# bummed out...



## Guest (May 20, 2004)

i had to put my cat 'zippy' down this afternoon. it was the hardest thing i have ever had to do. zippy wasn't just a pet, he was a friend- my best friend.. when he became afflicted with palsy, i did everything i could to make things easier on him. in the end, i guess it didn't matter. his condition worsened. today, i was forced to do the humane thing. not an easy decision... i wish it on no one.....

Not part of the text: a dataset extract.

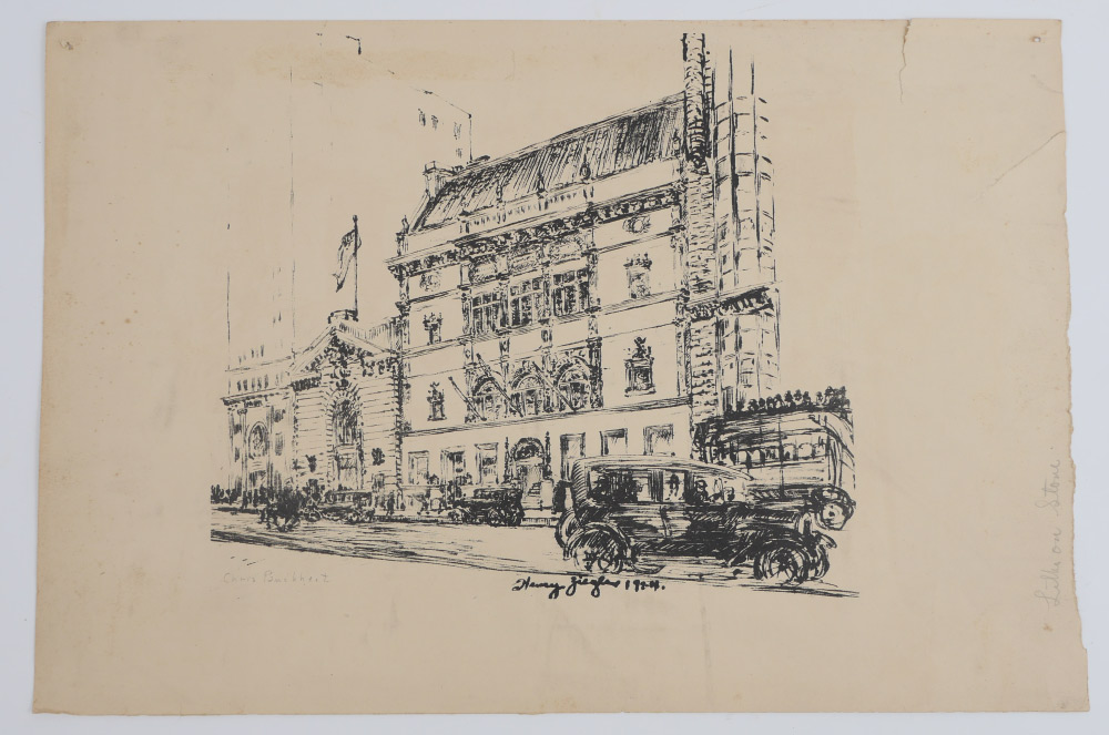 ZIEGLER, Henry (American, 1889-1968): 1) ''Art Students League Building'', Litho on Stone, Black and White, 18'' x 12'', unframed. 2) MASON, Frank, (American, 1921-2009): ''Irish Kitchen?'', Lithograph, 11.25'' x 9.25'', pencil signed lower right, titled, dedicated to Chris Buchheit, numbered 1/25, framed, 20.25'' x 16.25''. Provenance: Estate Collection of Christian Buchheit.

i will miss you zippy. you were a wonderful companion.


----------



## catnip (Aug 19, 2003)

)))


----------



## BoscosMum (Apr 29, 2004)

I am so sorry for your loss...."Fly with the Angels" Zippy!


----------



## Ioana (Jul 12, 2003)

I am sorry about your loss, Lonnie. 
May Zippy rest in peace


----------



## Aonir (Aug 18, 2003)

Have fun at the bridge, Zippy!


----------



## tanyuh (Jun 7, 2003)

Aww lonnie... *hug*

Try and take comfort in knowing that you did the absolute best you could. He was lucky to have you love him for as long as he did, and he will never be forgotten.


----------



## Lilly (Nov 8, 2003)

I am sorry for your loss Lonnie. I think this would be more appropriate for the Rainbow Bridge..I will move it there for you.


----------



## Jeanie (Jun 18, 2003)

I'm sorry for your loss.


----------



## Guest (May 24, 2004)

i'm so sorry lonnie. i have been in the same position in the not so distant past. there is just something special about cats that makes a choice like yours more difficult. maybe it is that their affection can be so hard won that it becomes more precious.

take care of yourself.


----------



## MA (Mar 30, 2004)

Sorry about the loss of your companion Zippy. Bless you and bless Zippy.


----------



## CatAholic (May 19, 2004)

I am so sorry Lonnie! To end the suffering by your amazing love for Zippy. You must not suffer but know you did a very humane thing. What a blessing that you had him for the time you did and especially that Zippy had you. The Lord created him and blessed you with him, what a gift and a mercy. All beginning and ends are His and you have a memory that is priceless. My husband brought me to an animal shelter the day after my Milo died suddenly, I thought it cruel at first, I didn't want another cat, I wanted Milo, but when I walked into the shelter, (never been to one) there where a whole lot of helpless hopeless eyes looking at me, we took one home it didn't replace Milo but it sure was heart warming to give one of these sweethearts a forever home, in memory of my Milo. We have adopted three more since then, Milo was a huge void to fill but now their is four kittys rescued from shelter. Zippy is not suffering and you did the most loving thing, I feel your pain and I hope you are able to give that love again to a kitty that would adore a love as yours,priceless. Susie


----------



## wookie130 (Feb 1, 2004)

Poor Zippy! You really did what you felt was right, and Zippy's finally in a place where he can be forever young and healthy. I'm so sorry for your loss...it's something that is faced by all of us at one point or another.


----------



## ShellyBear (May 24, 2004)

I am sorry. I know how you feel. Everyday I tell my self its better this way, and it really is.
Have fun Zippy.


----------